Blair brings yet another businessman into government

Behind the appointment of Gus Macdonald to the Scottish Office

The British government recently appointed Gus Macdonald as the new Minister for Business and Industry at the Scottish Office. Macdonald, a leading Scottish media and business figure, is not an elected Member of Parliament and had not been a member of the Labour Party for 20 years. Blair elevated Macdonald to the House of Lords in record time to facilitate his entry into government. His appointment is motivated by growing concern within the Labour government at the rapid growth in support for the Scottish National Party (SNP).

A string of recent by-elections and opinion polls have positioned the SNP as the dominant party in Scotland. If these results were repeated in elections to the new Scottish Parliament next May, the SNP could return more members than Labour. One poll for the Glasgow Herald suggested that under proportional representation, the SNP would have 56 seats to the Labour Party's 46, 15 for the Liberal Democrats and 12 for the Tories. This would make the SNP the largest party, in a position to form a coalition government with either Labour or the Liberal Democrats.

The SNP has won growing support amongst workers disillusioned by Labour's right wing policies and identity as the 'party of government in Scotland'. Throughout the 1980s Labour controlled Scotland's main cities and towns, implementing all of the Tories spending cuts as well as the hated poll tax. The SNP capitalise on this discontent by pledging social reforms, while courting business with promises that Scottish independence will mean lower business taxes and other investment opportunities.

Macdonald was chosen as Labour's Scottish Industry Minister in the hope that his media contacts and intimate relations with business and the trade unions will be valuable weapons in beating off the SNP challenge.

A multi-millionaire, he was, until recently, head of the Scottish Media Group, which owns Scottish Television, Grampian Television and two newspapers including the Glasgow Herald.

In the early 1960s, while working in Glasgow's Clyde shipyards, Macdonald was briefly associated with the Labour Party Young Socialists in the working class area of the Gorbals. After a short excursion in radical politics as a member of the International Socialist group, he became a leading figure in the centre-left Tribune group and a close friend of Neil Kinnock, elected Labour Party leader in 1983.

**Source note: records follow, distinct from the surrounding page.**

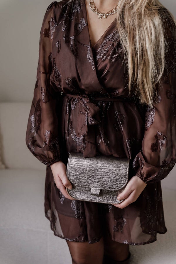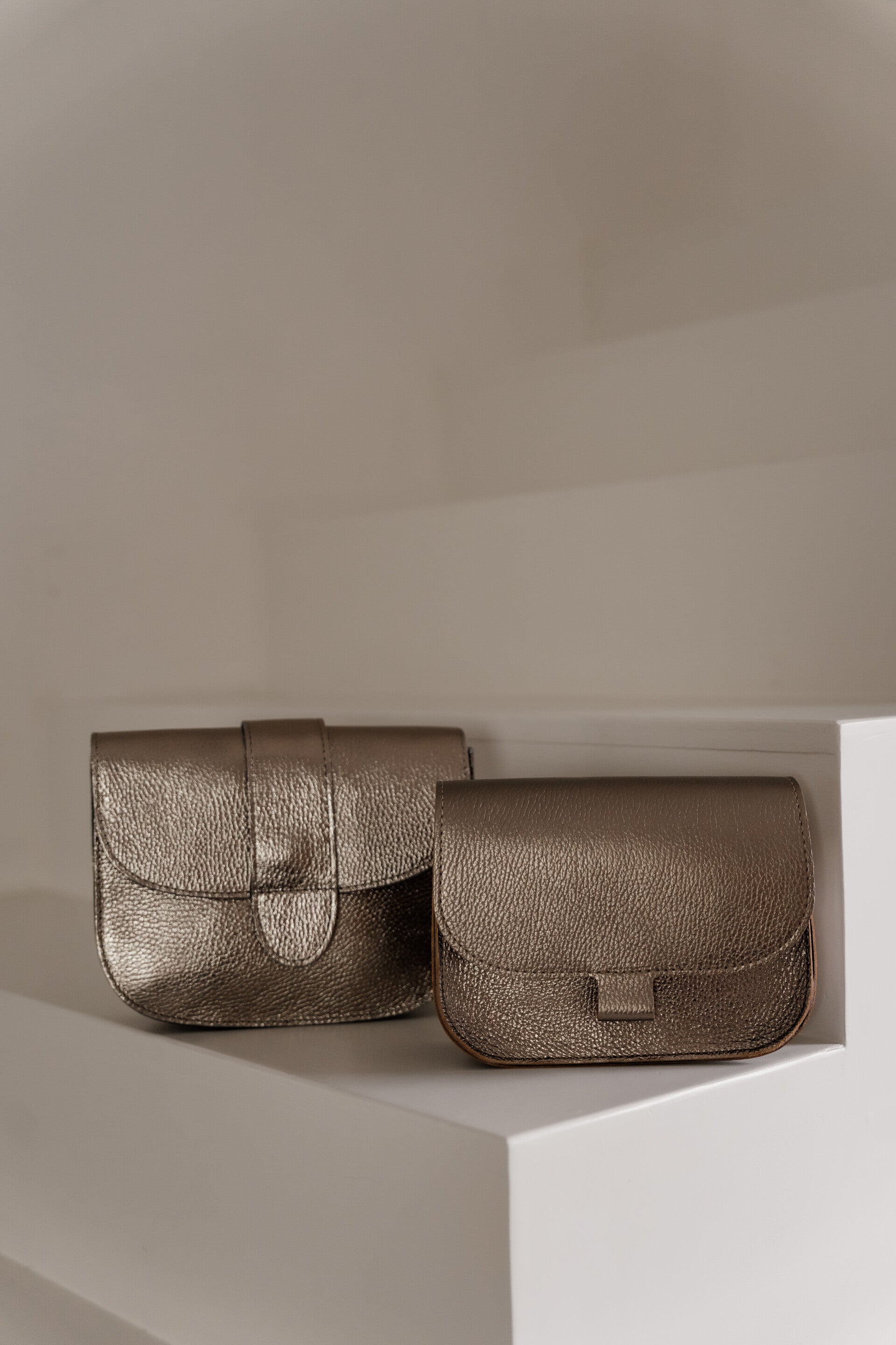 Tas Flora is een Suede leren crossbodytas met een magneetsluiting en een lang verstelbaar hengsel.
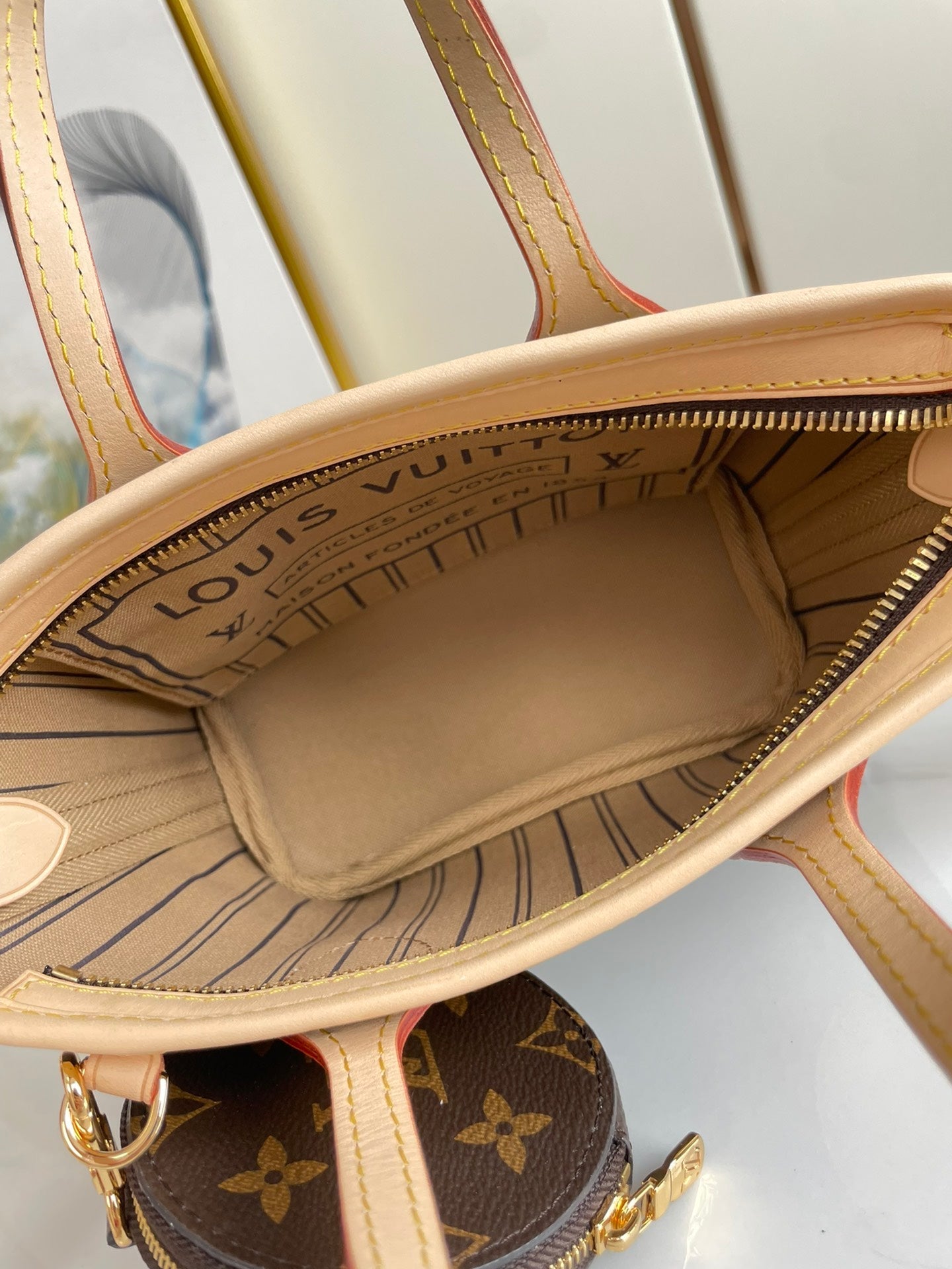 NEVERFULL BB 24 BROWN MONOGRAM CANVAS AND LEATHER TRIM GOLD HARDWARE
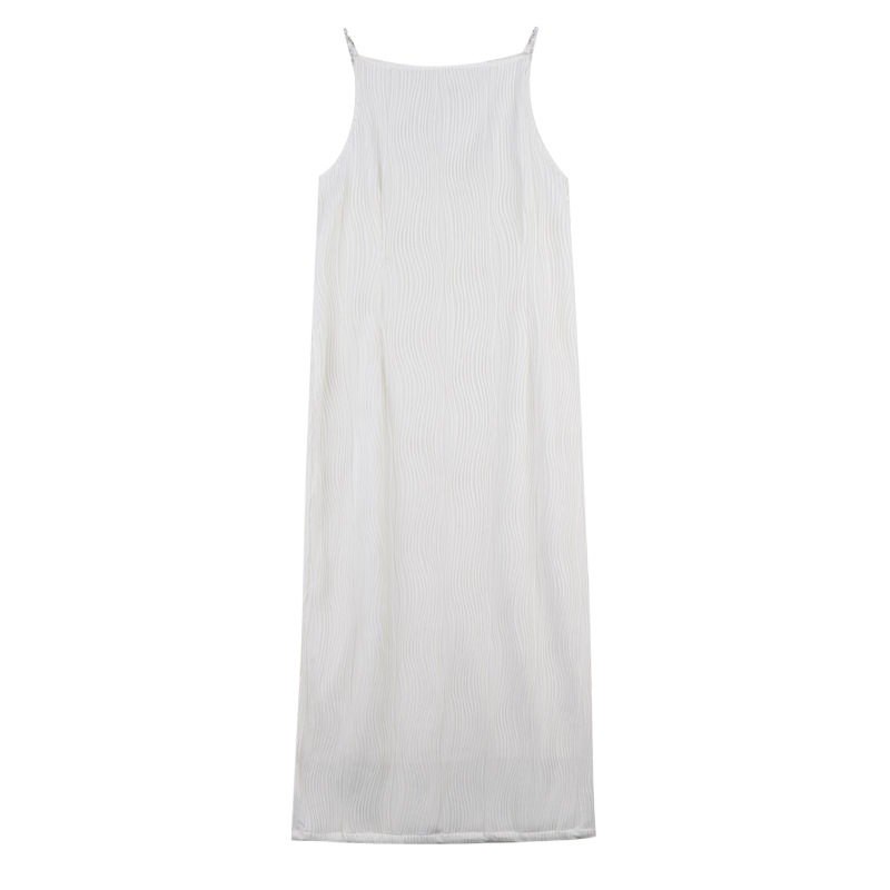 潮批发2025春夏新款瀑布感线条肌理珍珠金属扣肩带挖肩修身连衣裙

Macdonald later secured a plum job as presenter on the TV current affairs programme, 'World in Action'. By the late 1970s, he moved out of the Labour Party's orbit and embraced the free-market strategy of Thatcherism. He attended seminars organised by Thatcher's main advisor Sir Keith Joseph and was heavily influenced by the right wing American Enterprise Institute.

As head of the Scottish Media Group, Macdonald sacked many professional workers and increased the group's market capitalisation from £50 million to £500 million. He secured the Independent Television franchise in Scotland with an unopposed bid of just £2,000.

He recently explained his attitude to those he sacked to the Observer newspaper: 'It was hard to take these well paid and privileged folks seriously... They used the defensive mechanisms of the industrial working class for all sorts of petty resentments.'

In preparation for entering government, Macdonald will sell his shares in the Scottish Media Group, giving him about £770,000 on top of the £726,600 he made from selling shares in 1996. In addition, last year he earned £307,000 and the year before £227,000.